Morgan Stanley Raises GigaDevice Target Price to 888 Yuan, with Bull Case Reaching 1,542 Yuan

Taylor Wilson
Published 2026-06-27About 12 min read

Morgan Stanley lifted its GigaDevice (兆易创新) target from ¥585 to ¥888 — a 50%+ hike — arguing that as global fabs shift resources to HBM and DDR5, mature products like DDR4 and NOR Flash are tightening, and GigaDevice sits at the intersection of rising prices and China's DRAM supply leverage.

01

How does Morgan Stanley get to ¥888?

The bank uses a residual-income model — a valuation method focused on future excess profits — cross-checked against a 2026 P/E of 53×.
EPS estimates for 2026/2027/2028 were raised 30%, 46%, and 53% respectively. The widening revisions signal an accelerating profit trajectory, not a one-off bounce.
The ¥1,542 bull case assumes stronger Flash sales and higher gross margins — an upside ceiling, not the base target.
This means → ¥888 is Morgan Stanley's "likely achievable" price; ¥1,542 is what happens only if everything goes right.
02

Why is DRAM shifting from side business to profit mainline?

GigaDevice's 2026 procurement budget for foundry DRAM from CXMT (长鑫集团) is $825 million (≈¥5.7 billion) — the supply-resource ceiling the company has set aside for DRAM.
Morgan Stanley's view: niche DRAM — small-category chips for specific use cases that don't compete head-on with Samsung — is moving from incremental revenue to a core profit driver, now embedded in the three-year earnings model.
In plain terms = global fabs are moving capacity toward HBM and DDR5, so "old" products like DDR4 are suddenly undersupplied. GigaDevice is positioned to fill that gap.
03

What do other banks say, and where do they disagree?

Goldman Sachs previously set a target of just ¥257 at 55× P/E. Bank of America highlighted DDR4 price increases and improving custom-DRAM visibility.
The three targets diverge sharply (257 vs 888 vs BofA unspecified), yet the core variable is the same: niche DRAM supply shortfall.
This reflects a market consensus that the gap exists — the real debate is how long it lasts and how much share GigaDevice can capture.
04

What justifies a 149% NOR Flash price hike?

Morgan Stanley assumes GigaDevice's 2026 NOR Flash ASP rises 149%. The logic has two layers: U.S. makers are cutting mature NOR capacity to redeploy into DRAM and NAND, while AI servers, optical modules, switches, and automotive applications are driving demand for high-reliability code storage.
The report notes that Nvidia's next-gen Vera Rubin rack may use 50%+ more NOR than the Grace Blackwell rack, opening a new demand vector.
In auto, intelligent cockpits, ADAS, domain controllers, and battery management all require certified Flash. Certification barriers are high and customer stickiness is strong — this means → once inside an automaker's supply chain, competitors find it very hard to displace the incumbent.
05

What role do SLC NAND and MCU play?

An MLC NAND shortage is forcing enterprise HDDs onto SLC NAND. Morgan Stanley expects SLC NAND to rise 50–60% in Q3 and possibly further in Q4. But the market is small — useful as supplementary upside, not as a standalone valuation pillar.
For MCU, the bank assumes 28% sales growth in 2026 with flat ASPs, supported by shipment recovery and industrial/auto design wins that underpin the revenue floor.
In plain terms = MCU's real value is not its own profit contribution but its role as a customer gateway. Clients using GigaDevice MCUs are more likely to extend purchases to NOR, SLC NAND, and analog — this determines whether the company evolves from a single-product cyclical supplier into a multi-product platform.
06

Which signals should investors watch next?

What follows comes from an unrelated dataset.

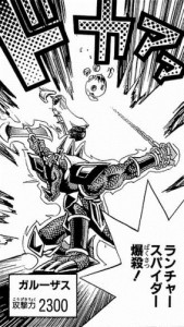 ガルーザス、デザインもだけどキース戦で鎖付きブーメラン装備してランチャースパイダー撃破した場面がめちゃカッコいいからリメイク的なカード出ないかなと思ってる。>>94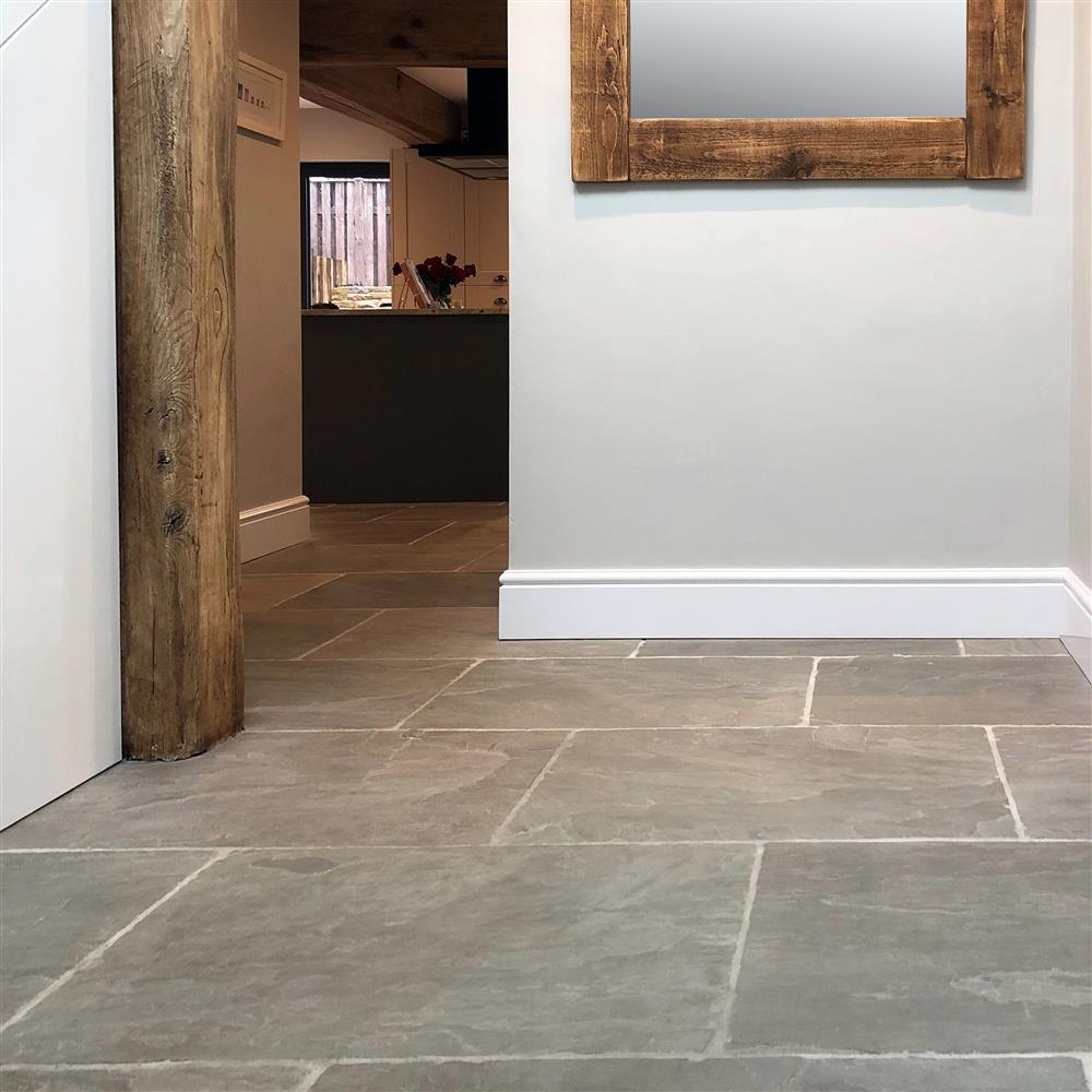 Offering tumbled edges and a textured surface, Umbrian Grey is an excellent example of a grey flagstone flooring solution used properly.

Morgan Stanley flags five verification metrics: DRAM revenue share, CXMT procurement execution, blended gross margin, inventory quality, and MCU/NOR new-product ramp progress.
These five data points will determine whether the ¥888 model reflects sustained earnings upgrades or a linear extrapolation from a price peak.
This means → the target looks attractive, but if CXMT procurement falls short or margins disappoint, the model's foundation weakens. Investors should track these five variables, not just the headline number.

Content is for reference only, not financial advice.